* **Problem to solve**:
Transcribe every entry verbatim; omit pictures.

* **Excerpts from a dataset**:
━━━━━━━━━━━━━━━━━━━━━━━━━━━━━━
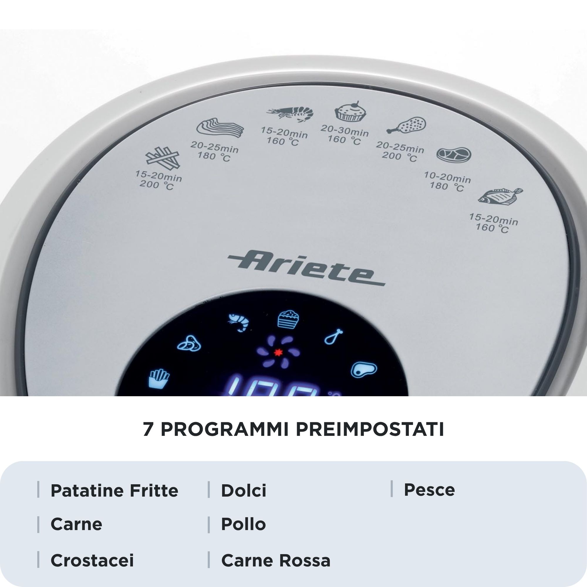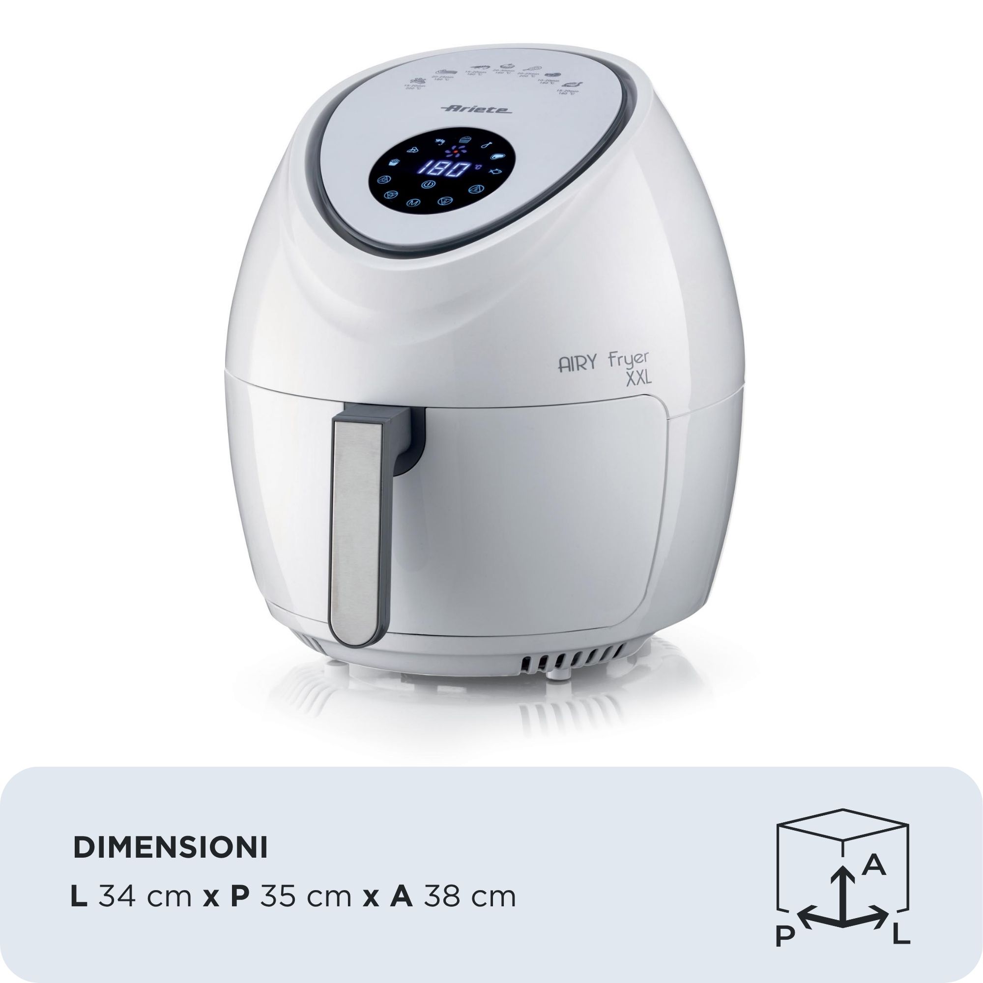 Con la friggitrice ad aria grande Airy Fryer XXL di Ariete puoi friggere qualsiasi pietanza, anche in grande quantità, utilizzando un solo cucchiaio di olio per ottenere fritture sane e gustose allo stesso tempo. Grazie al cestello XXL da 7 litri con Airy Fryer XXL di Ariete potrai cuocere fino a 2,5 kg di patatine fritte in una sola volta! Patatine fritte, ma non solo, anche crocchette, pesce, carne e tanti altri alimenti impanati, sia surgelati e pronti da friggere, che freschi e appena impanati, grazie alle 7 modalità di cottura preimpostata.
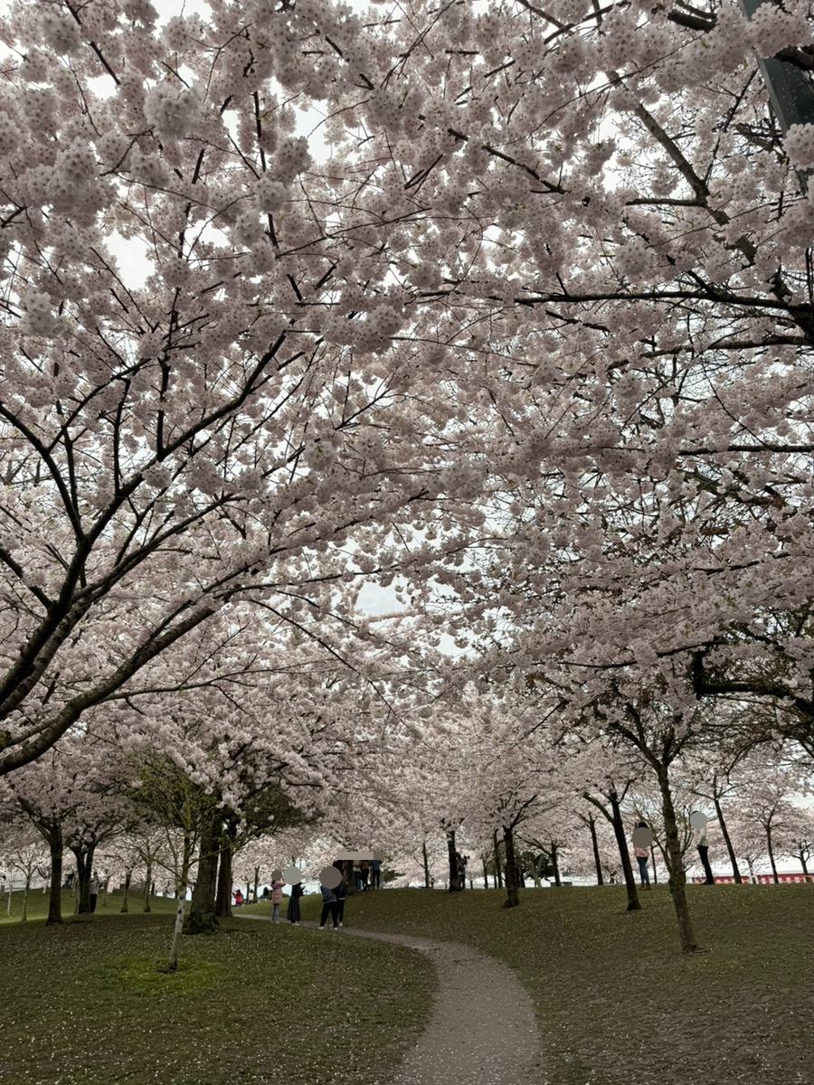 9시 즈음에 도착한 공원은 흐린 하늘 아래서 만개한 꽃들이 향기를 뿌리고 있었고 사람들은 오늘 열릴 벚꽃 축제를 위해 준비 중이었다.
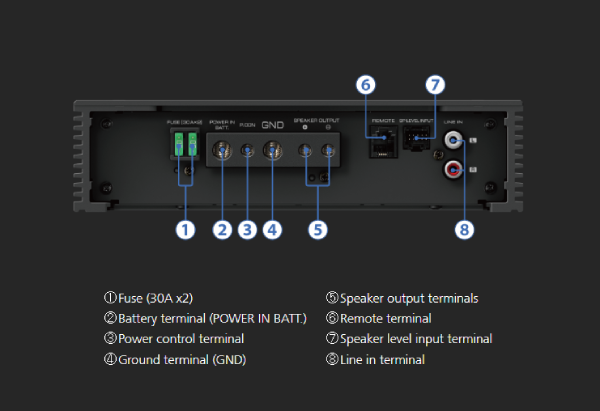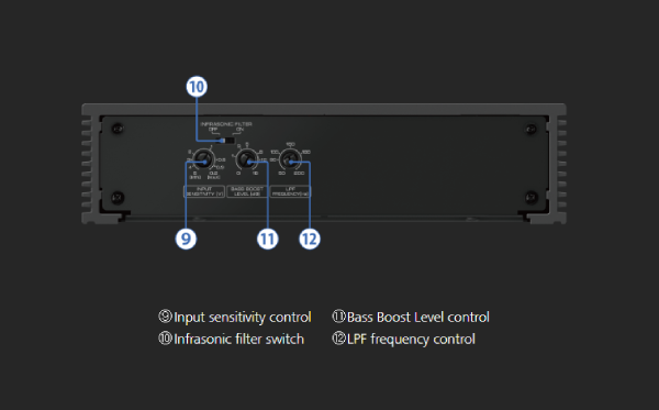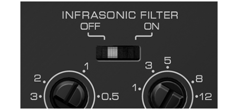 When the Infrasonic Filter Switch is turned on, the amplifier cuts off the low frequencies below 25Hz, which makes the amplifier’s power supply and output devices more efficient, providing clear bass output.
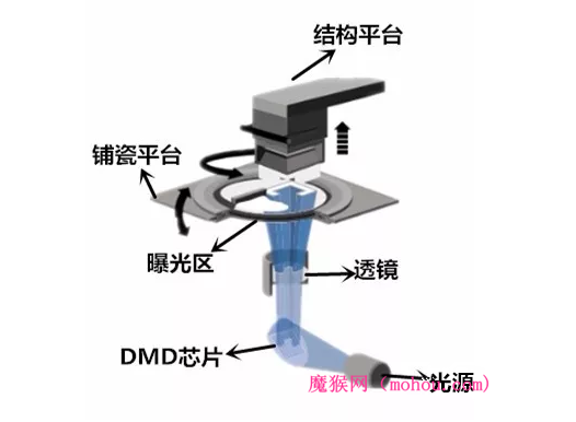 SLS/SLM工藝使用的一般是塑料、蠟、陶瓷、金屬或其復合物的粉末,其具有無需支撐即可制備復雜陶瓷部件的優點,但也存在因受到粘接劑鋪設比重的限制導致陶瓷制品致比重不高的問題。 6光固化快速成型技術(SLA) SLA技術是通過激光的掃描曝光實現單層的固化。通過紫外激光束,按照設計好的原件層截面,聚焦到工作槽中的陶瓷光敏樹脂混合液體,逐點固化,由點及線,由線到面。通過xy方向固化成面后,通過升降臺在z軸方向的移動,層層疊加完成三維打印陶瓷部件。
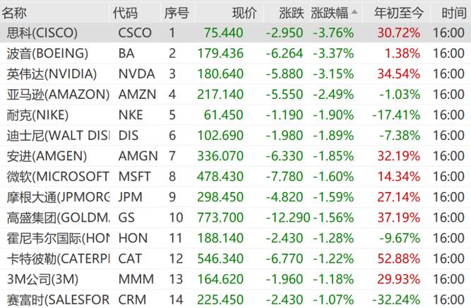 思科跌3.76%,波音跌3.37%,英伟达跌3.15%,领跌道指成份股。
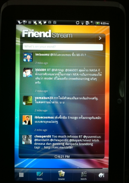 ใน FriendStream สามารถดูข้อมูลจากเพื่อนๆ ใน Social Network ดังๆ ได้สะดวกสบายมากขึ้น อย่างในรูปเป็น Timeline ที่มาจาก Twitter แบบ RealTime
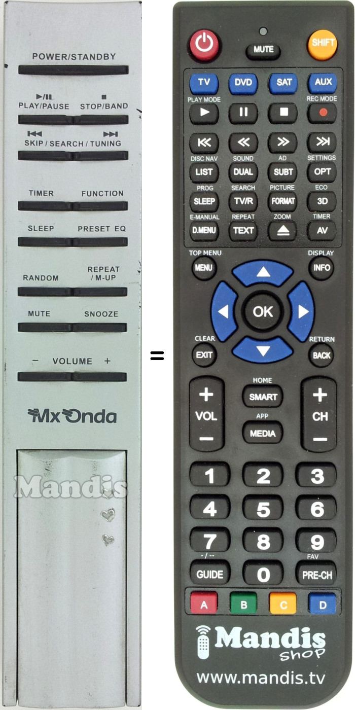 This remote control fully replaces your MX008 and offers all the functions of the original.
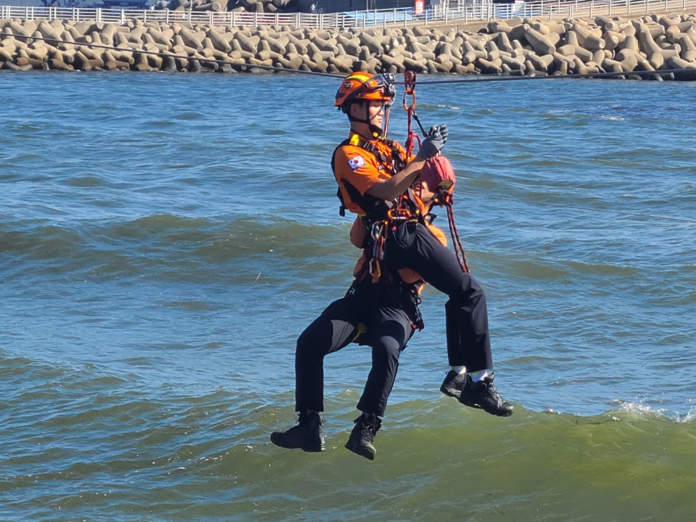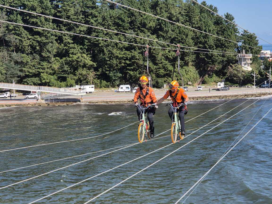 강릉소방서, 집라인 안전사고 대비 구조훈련 실시
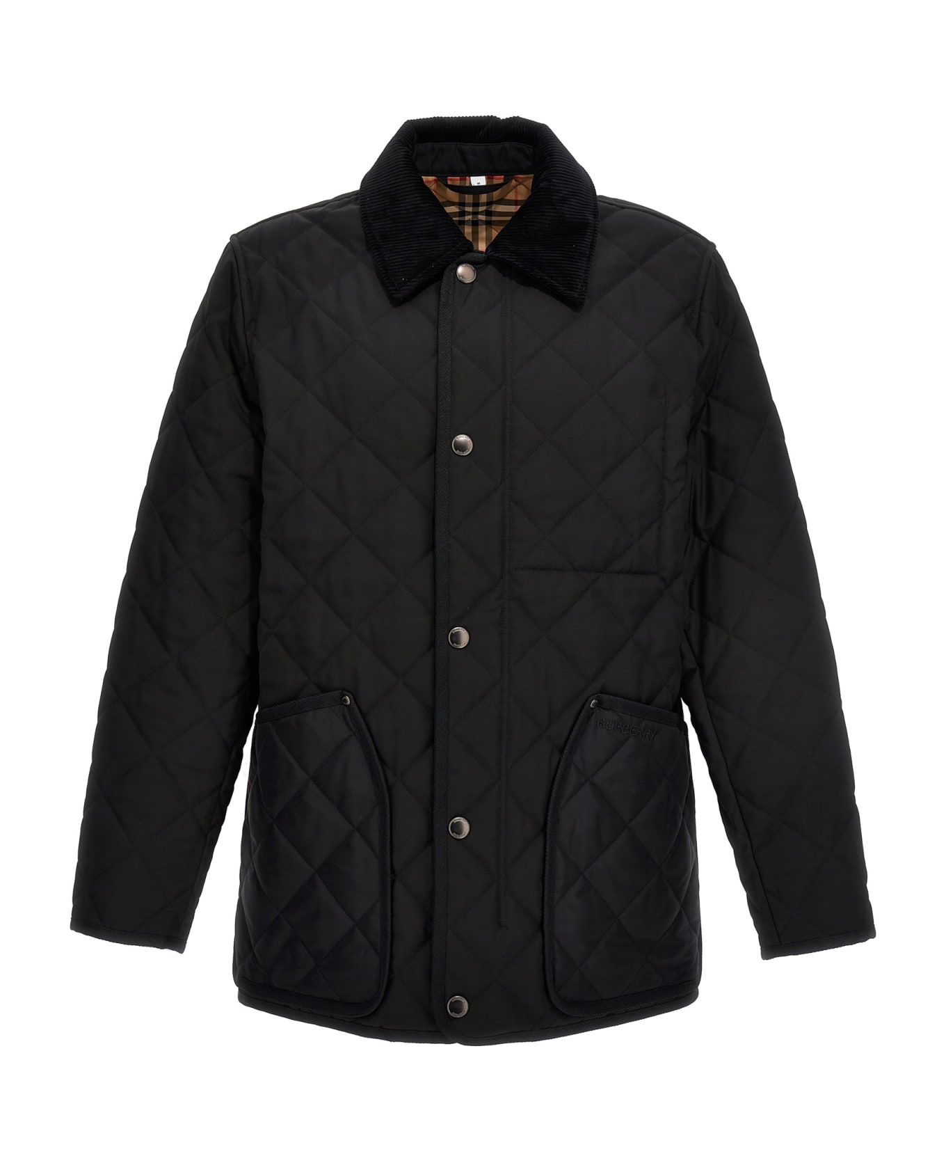 Lanford' diamond-shaped quilted nylon canvas jacket with corduroy collar, vintage check pattern lining, snap button closure, concealed zip closure, snap button patch pockets, inner patch pockets, snap button cuffs, side splits with snap buttons, and an embroidered logo.
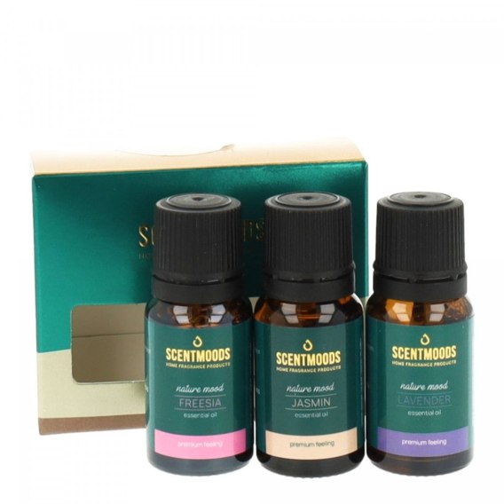 Zestaw trzech olejków zapachowy Freesia, Jasim, Lavender z serii Nature Mood.
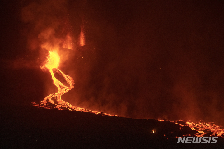 [라팔마=AP/뉴시스] 28일(현지시간) 스페인 카나리아 제도 라 팔마섬의 쿰브레 비에호 화산에서 용암이 흘러내리고 있다. 전문가들은 쿰브레 비에호 화산의 활동이 줄어들기는 했지만 폭발이 멈췄다고 선언하기엔 이르다고 조언했다. 당국은 바닷물과 용암이 만나면서 인체에 해로운 가스가 발생하므로 주민들에게 당분간 실내에 머물 것을 당부했다. 2021.09.28.
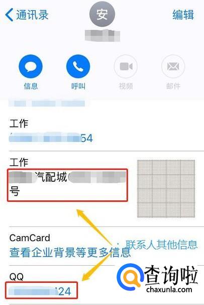 点击其中任意一个联系人,我们就能查看到他的手机号码,如果之前添加过通讯地址、邮箱、QQ等,这里也都会有显示;
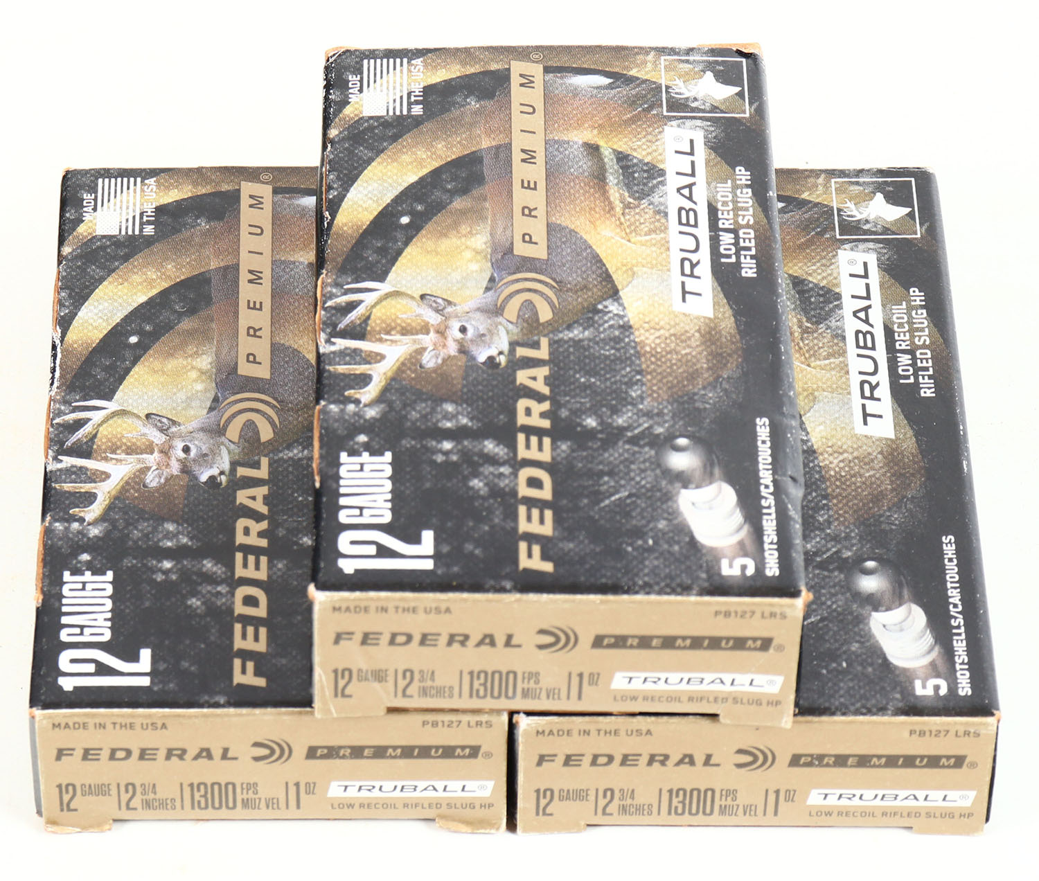 Lot of 3 Federal, 12ga., 1pc., Appears full, shot size Rifled Slug TRUBALL, multi-colored box. Grade: Excellent - Value: 10 to 30
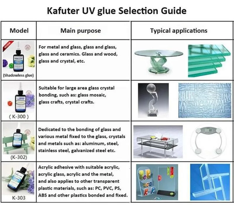 K-302 usagesThe bonding glass and various metals fixed, for glass, crystal and metals, such as: aluminum, carbon steel, Stainless steel, galvanized steel, etc. have a good bonding effect.
━━━━━━━━━━━━━━━━━━━━━━━━━━━━━━
* **Written reply**:
 Con la friggitrice ad aria grande Airy Fryer XXL di Ariete puoi friggere qualsiasi pietanza, anche in grande quantità, utilizzando un solo cucchiaio di olio per ottenere fritture sane e gustose allo stesso tempo. Grazie al cestello XXL da 7 litri con Airy Fryer XXL di Ariete potrai cuocere fino a 2,5 kg di patatine fritte in una sola volta! Patatine fritte, ma non solo, anche crocchette, pesce, carne e tanti altri alimenti impanati, sia surgelati e pronti da friggere, che freschi e appena impanati, grazie alle 7 modalità di cottura preimpostata.
 9시 즈음에 도착한 공원은 흐린 하늘 아래서 만개한 꽃들이 향기를 뿌리고 있었고 사람들은 오늘 열릴 벚꽃 축제를 위해 준비 중이었다.
 When the Infrasonic Filter Switch is turned on, the amplifier cuts off the low frequencies below 25Hz, which makes the amplifier’s power supply and output devices more efficient, providing clear bass output.
 SLS/SLM工藝使用的一般是塑料、蠟、陶瓷、金屬或其復合物的粉末,其具有無需支撐即可制備復雜陶瓷部件的優點,但也存在因受到粘接劑鋪設比重的限制導致陶瓷制品致比重不高的問題。 6光固化快速成型技術(SLA) SLA技術是通過激光的掃描曝光實現單層的固化。通過紫外激光束,按照設計好的原件層截面,聚焦到工作槽中的陶瓷光敏樹脂混合液體,逐點固化,由點及線,由線到面。通過xy方向固化成面后,通過升降臺在z軸方向的移動,層層疊加完成三維打印陶瓷部件。
 思科跌3.76%,波音跌3.37%,英伟达跌3.15%,领跌道指成份股。
 ใน FriendStream สามารถดูข้อมูลจากเพื่อนๆ ใน Social Network ดังๆ ได้สะดวกสบายมากขึ้น อย่างในรูปเป็น Timeline ที่มาจาก Twitter แบบ RealTime
 This remote control fully replaces your MX008 and offers all the functions of the original.
 강릉소방서, 집라인 안전사고 대비 구조훈련 실시
 Lanford' diamond-shaped quilted nylon canvas jacket with corduroy collar, vintage check pattern lining, snap button closure, concealed zip closure, snap button patch pockets, inner patch pockets, snap button cuffs, side splits with snap buttons, and an embroidered logo.
 Zestaw trzech olejków zapachowy Freesia, Jasim, Lavender z serii Nature Mood.
 [라팔마=AP/뉴시스] 28일(현지시간) 스페인 카나리아 제도 라 팔마섬의 쿰브레 비에호 화산에서 용암이 흘러내리고 있다. 전문가들은 쿰브레 비에호 화산의 활동이 줄어들기는 했지만 폭발이 멈췄다고 선언하기엔 이르다고 조언했다. 당국은 바닷물과 용암이 만나면서 인체에 해로운 가스가 발생하므로 주민들에게 당분간 실내에 머물 것을 당부했다. 2021.09.28.
 点击其中任意一个联系人,我们就能查看到他的手机号码,如果之前添加过通讯地址、邮箱、QQ等,这里也都会有显示;
 Lot of 3 Federal, 12ga., 1pc., Appears full, shot size Rifled Slug TRUBALL, multi-colored box. Grade: Excellent - Value: 10 to 30
 K-302 usagesThe bonding glass and various metals fixed, for glass, crystal and metals, such as: aluminum, carbon steel, Stainless steel, galvanized steel, etc. have a good bonding effect.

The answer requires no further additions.